─── Information supplied ───
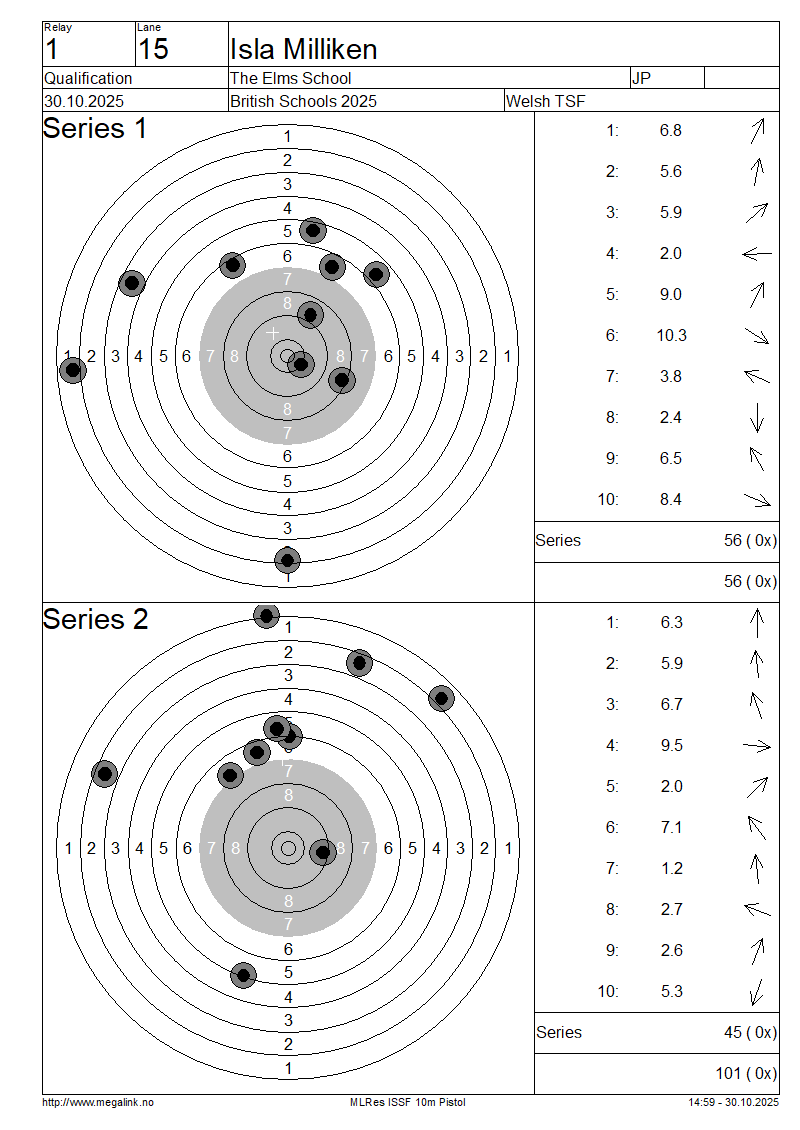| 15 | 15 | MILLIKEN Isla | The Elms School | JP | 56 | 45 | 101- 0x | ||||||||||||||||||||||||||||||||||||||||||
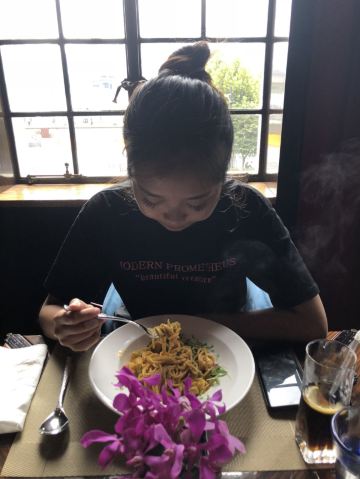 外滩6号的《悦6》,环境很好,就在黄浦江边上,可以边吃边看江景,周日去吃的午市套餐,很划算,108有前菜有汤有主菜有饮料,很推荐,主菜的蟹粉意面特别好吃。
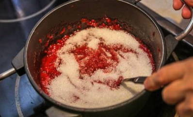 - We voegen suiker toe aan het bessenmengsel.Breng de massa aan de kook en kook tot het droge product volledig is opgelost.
───
*The problem:* Going from the line holding "外滩6号的《悦6》,环境很好" to the last line of the data above, reproduce every line exactly, both included, with the pictures omitted.

*Answer to this exercise:*
 外滩6号的《悦6》,环境很好,就在黄浦江边上,可以边吃边看江景,周日去吃的午市套餐,很划算,108有前菜有汤有主菜有饮料,很推荐,主菜的蟹粉意面特别好吃。
 - We voegen suiker toe aan het bessenmengsel.Breng de massa aan de kook en kook tot het droge product volledig is opgelost.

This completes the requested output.